Now we use the reported deaths to try to infer the actual number infected. We first different curves to the death counts and use that to extrapolate:

In [44]:
def exponential(x, a):
    return a ** x


def power(x, a):
    return x ** a


def sigmoid(x, L ,x0, k, b):
    y = L / (1 + np.exp(-k*(x-x0)))+b
    return (y)


def sigmoid_init(x, y):
    return [max(y), np.median(x), 1, min(y)] # initial guess


# It takes on average 5 days to show symptoms.
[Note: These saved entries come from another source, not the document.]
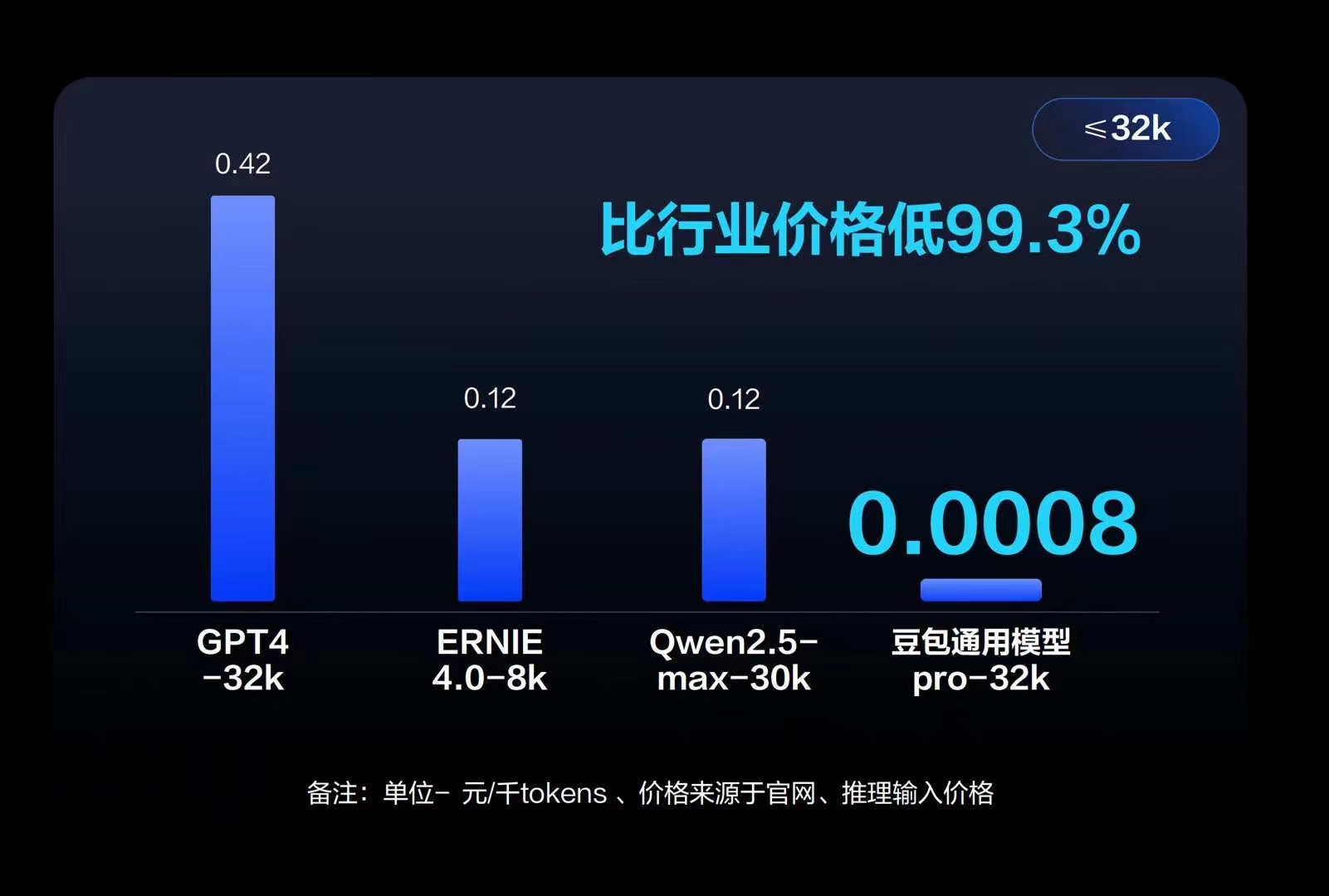 15日,在火山引擎春季 Force 原动力大会上,一张图引发了朋友圈的热议,豆包大模型费用开启了“厘”时代,这会不会是新的百模大战的开端还不好判断,但是这一价格确实会给其他模型带来无形压力。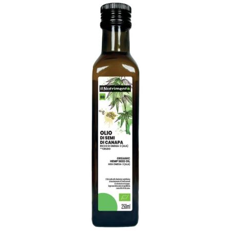 Dettagli super: L' olio di semi di canapa biologico Il Nutrimento è ottenuto senza surriscaldare il seme né la pressa prima della pressione e senza aggiungere calore durante il procedimento di estrazione. È ricco di grassi polinsaturi e naturalmente ricco di acidi grassi omega-3. La sostituzione nella dieta dei grassi saturi con grassi insaturi contribuisce al mantenimento di livelli normali di colesterolo nel sangue. È raccomandabile seguire una dieta varia ed equilibrata ed uno stile di vita sano.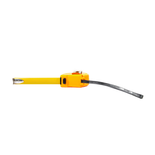 Корпус рулетки виготовлений із міцного пластику, що захищає її від пошкоджень під час падінь або ударів. Ергономічна форма та компактні розміри дозволяють легко носити рулетку з собою, а спеціальна кліпса для кріплення на поясі забезпечує додаткову зручність у користуванні. Стрічка має чітке маркування, яке добре читається навіть при недостатньому освітленні.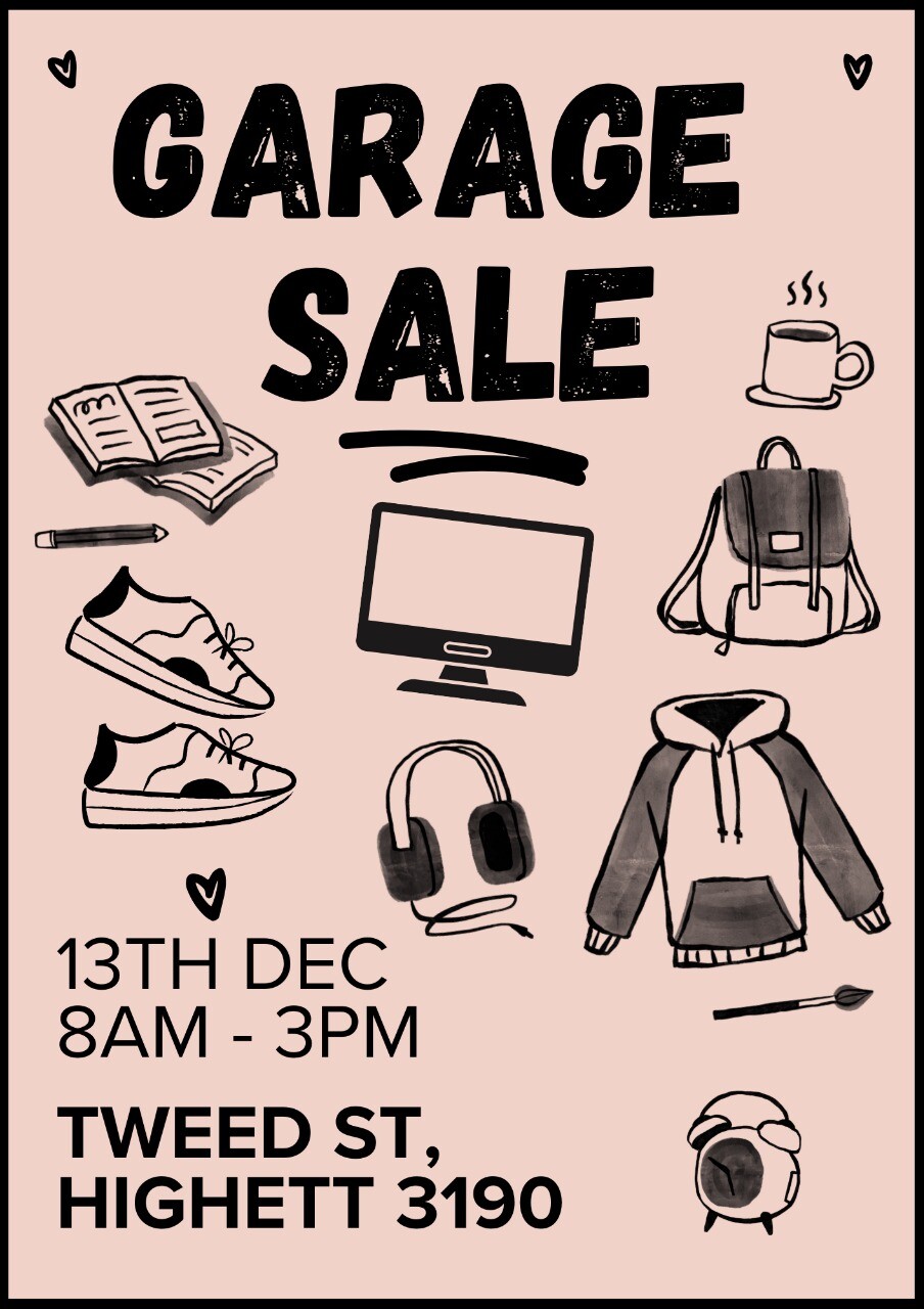 Garage Sale 🏡 SAT 13 DECEMBER, 8 AM - 3 PM TWEED STREET, HIGHETT 3190 NEW & USED: -New Men's & Women's Clothing -New Kids Clothing -New Electronics -Household Items -Hats -Bags -Computer Stuff & Accessories -Books -Shoes -Décor -Tools & so much more! Feel free to DM with any inquiries and see you there!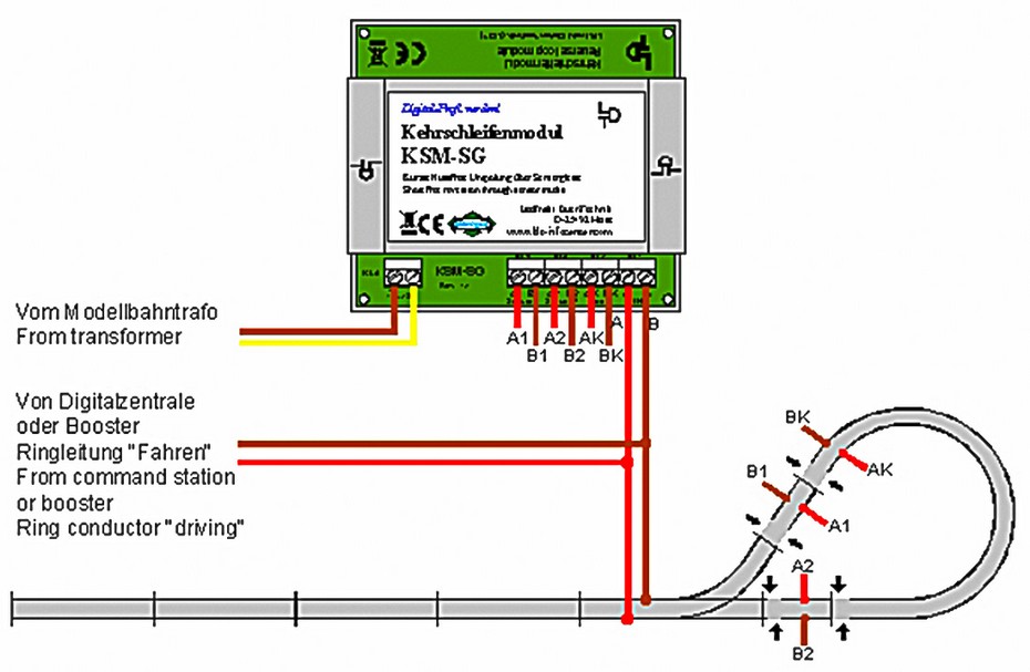 Die Gleistrennungen für das Kehrschleifenmodul sind nach dem Anschlußplan der Firma Littfinski DatenTechnik gemacht worden.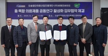 오송첨단의료산업진흥재단(이사장 이명수, 이하‘KBIOHealth’)은 융·복합 의료제품 공동연구 활성화를 위해 ㈜비에프바이오(대표이사 장석홍)와 20일 업무협약을 체결했다고 밝혔다.이번 협약은 몇 차례에 걸친 양 기관의 회의 결과로 추진됐으며, 협력여부 타진과 실무자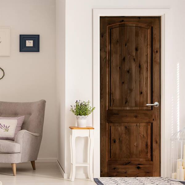 30 in. x 96 in. Knotty Alder 2-Panel Left-Handed Provincial Stain Wood Single Prehung Interior Door

Typically 14 days from that to death.
# So it seems reasonable to say that people infected on day x will die around day x + 19
# So if we extrapolate the death rate by 15 days, we can approximate how many are infected 
# now after adjusting for fatality rate.

def predict_from_death_rate(region=None, 
                            fatality_rate=mortality_rate, 
                            death_time=days_to_first_symptom+days_from_first_symptom_to_death, 
                            fn=exponential, 
                            init=None):
    if region is None:
        region = 'US'
        
    deaths = aggregate_for_locations(df, region, how='cumulative')['Deaths']
    deaths = list(deaths[deaths > 0])
    
    x = range(1, len(deaths)+1)
    y = deaths
    
    if not y:
        print(f"Insufficient data for {region}")
        return
    
    if init:
        p0 = init(x, y)
        a, pcov = curve_fit(fn, x, y, p0, method='trf')
    else:
        a, pcov = curve_fit(fn, x, y)

    #a, pcov = curve_fit(fn, x[:-1], y[:-1])  # useful for seeing if latest data point is still aligned with curve

    plt.figure()
    plt.plot(x, y, 'ko', label=f"{region} Actual Deaths")
    plt.plot(x, fn(x, *a), 'r-', label="Fitted Curve")
    plt.legend()
    plt.show()
    
    forecast_deaths = fn(x[-1] + death_time, *a)
    predicted_infected = forecast_deaths * 100 / fatality_rate
    print(f'Predicted infected {int(predicted_infected)} leading to {int(forecast_deaths)} deaths in {death_time} days\nParams: {", ".join([str(aa) for aa in a])}')
    print(f'One year deaths: {fn(356, *a)}')

In [45]:
widgets.interact(lambda Location: predict_from_death_rate(Location),
                 Location=picker)

interactive(children=(SelectMultiple(description='Locations', index=(219,), options=(' Azerbaijan', 'Afghanist…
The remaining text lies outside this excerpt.